• Your instructions: Pictures do not belong in the copy. Output exactly the lines from the one containing "Pyjama Femme Soie" to the end of the listing below.

── Dataset extract

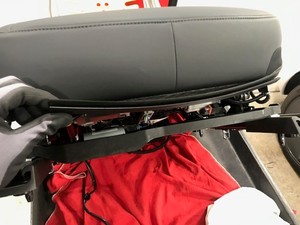 Firmly press both sides of seat bottom upholstery velcro into inboard channels of seat cushion foam
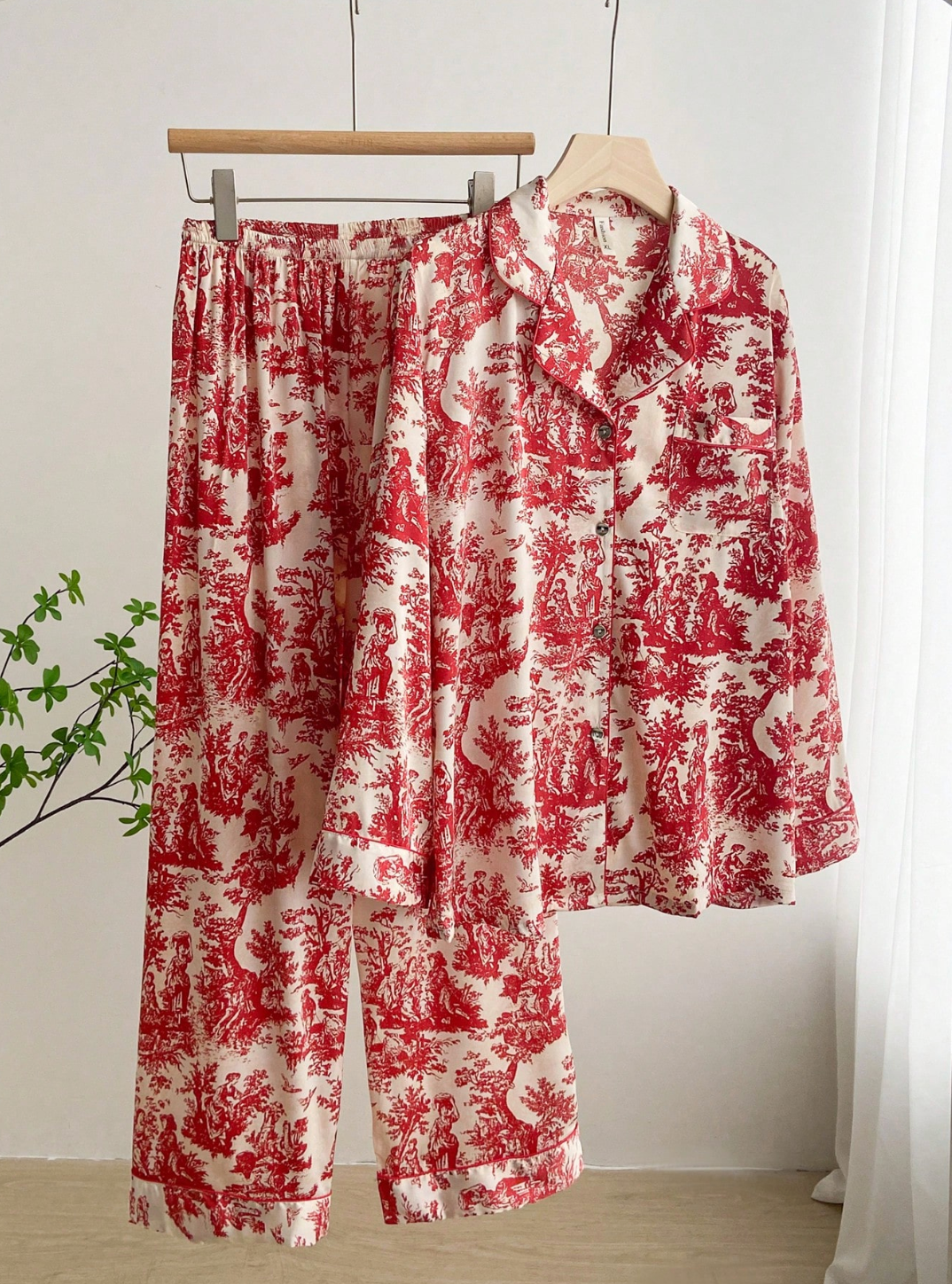 Pyjama Femme Soie Glacée Imprimé Encre – Élégance & Confort
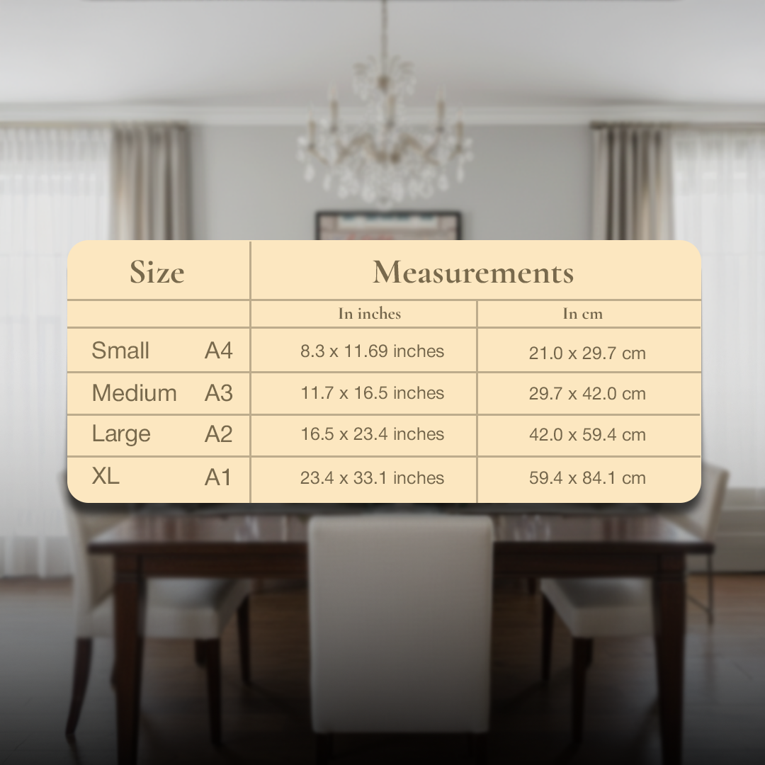 | Size | Small A4 - 8.3 x 11.69 inch Medium A3 - 11.7 x 16.5 inch Large A2 - 16.5 x 23.4 inch Extra Large A1 - 23.4 x 33.1 inch |
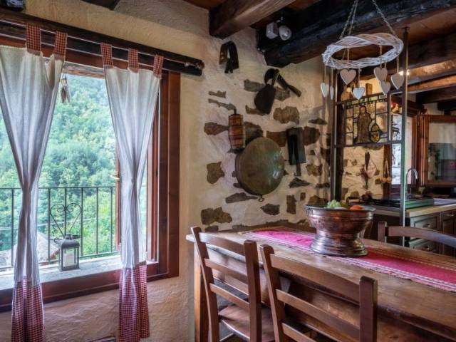 Casa pareada 2 estancias 60 m2 en 2 plantas. Con mobiliario confortable y rústico: 1 dorm. doble, abierto. Ducha/bidet/WC. Calefacción de gas, calefacción de leña (extra). Calefacción disponible desde el 15.10. al 15.04. Planta superior: salón-comedor con 1 sofá-cama doble, chiminea nórdica y TV. Rincón-cocina (4 fogones, horno, cafetera eléctrica). Suelo de madera. Balcón. Muebles de balcón. Vista a las montañas. El alojamiento dispone de: secador de pelo. A tener en cuenta: 2 mascotas / perros. Entrada privada. CIR:10301200001

────

• Written solution:
 Pyjama Femme Soie Glacée Imprimé Encre – Élégance & Confort
 | Size | Small A4 - 8.3 x 11.69 inch Medium A3 - 11.7 x 16.5 inch Large A2 - 16.5 x 23.4 inch Extra Large A1 - 23.4 x 33.1 inch |
 Casa pareada 2 estancias 60 m2 en 2 plantas. Con mobiliario confortable y rústico: 1 dorm. doble, abierto. Ducha/bidet/WC. Calefacción de gas, calefacción de leña (extra). Calefacción disponible desde el 15.10. al 15.04. Planta superior: salón-comedor con 1 sofá-cama doble, chiminea nórdica y TV. Rincón-cocina (4 fogones, horno, cafetera eléctrica). Suelo de madera. Balcón. Muebles de balcón. Vista a las montañas. El alojamiento dispone de: secador de pelo. A tener en cuenta: 2 mascotas / perros. Entrada privada. CIR:10301200001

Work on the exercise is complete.